WHAT IS NEEDED:
All that is needed is an exact repetition of the lines from the one containing "Request_No | Tasks |" through the final line of the material, without pictures.

INPUT MATERIAL:
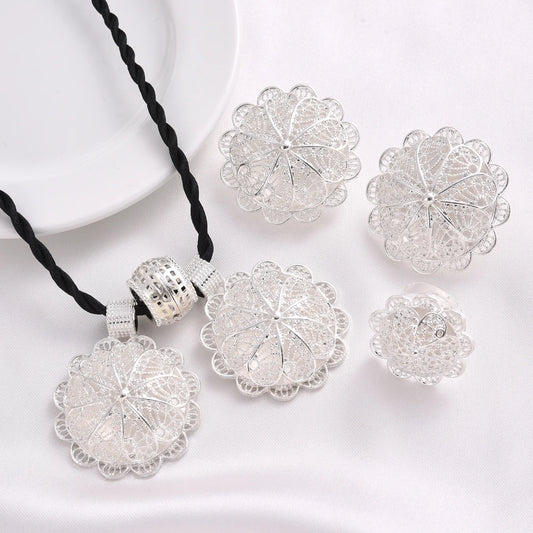Silver Color Bridal Jewelry Sets Women Ethiopian Pendant Hairpin Necklace Earrings Bangle Ring Arab Wedding Party Gift
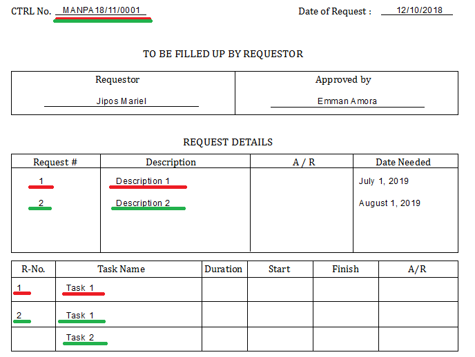 | Ctrl_No | Request_No | Tasks |
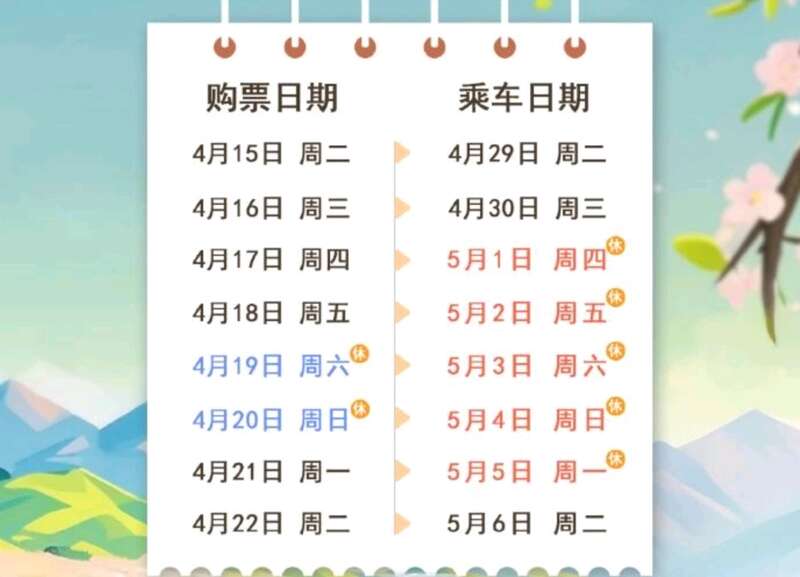 据“中国铁路”官博,今年五一假期为5月1日~5月5日,今日可购买5月5日火车票。
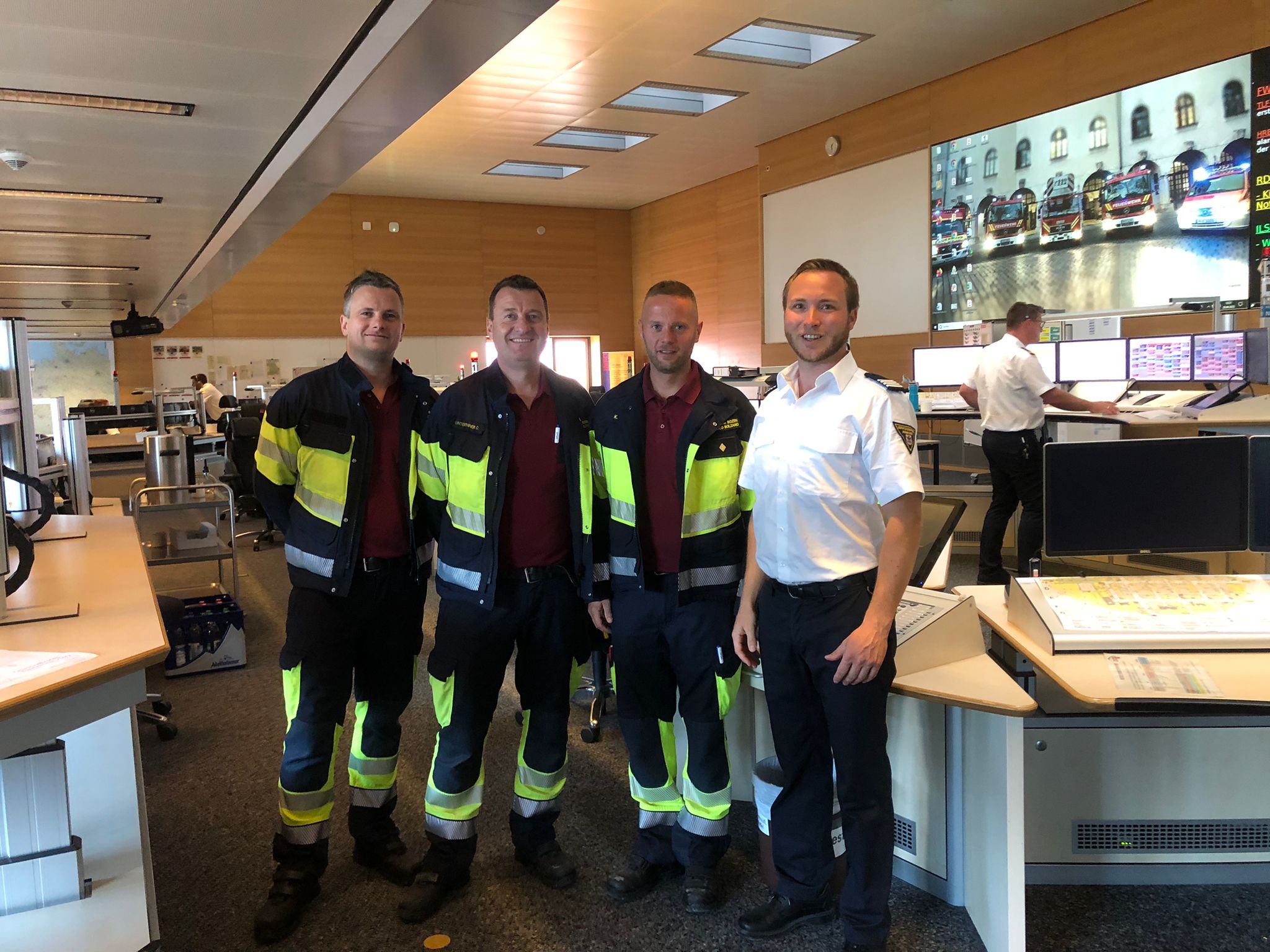 - Hilfeleistung durch Dolmetscherdienst (v.l.) Michael Hofer, Christian Unterthiner und Thomas Keim von der Berufsfeuerwehr Bozen und der zuständige Feuerwehrbeamte der Berufsfeuerwehr München Julian Milberg. (Foto: LPA/Berufsfeuerwehr Bozen) » [IMG 407 kB]
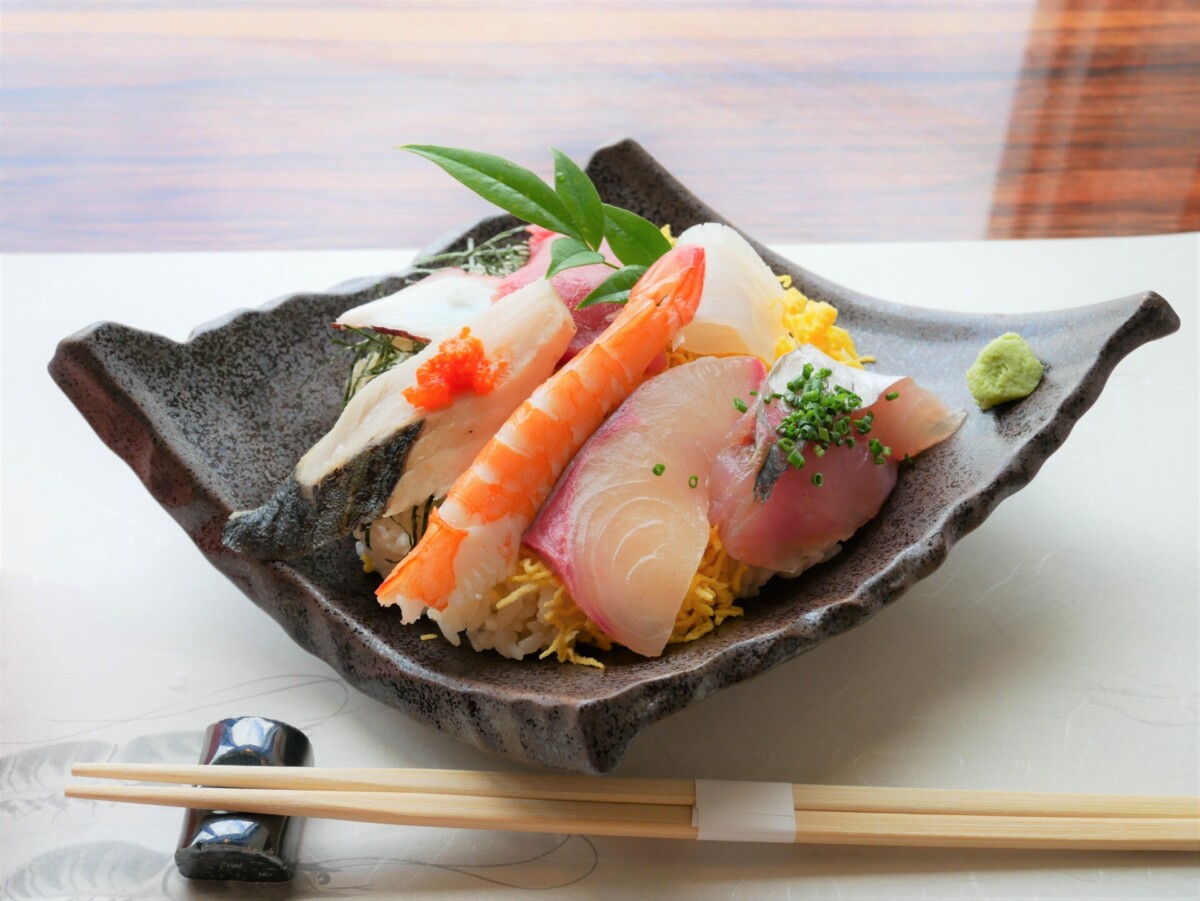 平日限定のランチメニュー「握りランチ」「海鮮ちらし」は、いずれも小鉢・赤だし・茶わん蒸し付きです。通常1580円ですが、今だけ1280円とお得に味わうことができます。新鮮な魚を美しく盛り付けた「海鮮ちらし」は、魚介類の新鮮さはもちろん、一つ一つ食べ応えがある大きさのネタも満足できます。見た目に反して、しっかりごはんも入っているので、食べ応えも十分です。

RESULT OF THIS TASK:
 | Ctrl_No | Request_No | Tasks |
 据“中国铁路”官博,今年五一假期为5月1日~5月5日,今日可购买5月5日火车票。
 - Hilfeleistung durch Dolmetscherdienst (v.l.) Michael Hofer, Christian Unterthiner und Thomas Keim von der Berufsfeuerwehr Bozen und der zuständige Feuerwehrbeamte der Berufsfeuerwehr München Julian Milberg. (Foto: LPA/Berufsfeuerwehr Bozen) » [IMG 407 kB]
 平日限定のランチメニュー「握りランチ」「海鮮ちらし」は、いずれも小鉢・赤だし・茶わん蒸し付きです。通常1580円ですが、今だけ1280円とお得に味わうことができます。新鮮な魚を美しく盛り付けた「海鮮ちらし」は、魚介類の新鮮さはもちろん、一つ一つ食べ応えがある大きさのネタも満足できます。見た目に反して、しっかりごはんも入っているので、食べ応えも十分です。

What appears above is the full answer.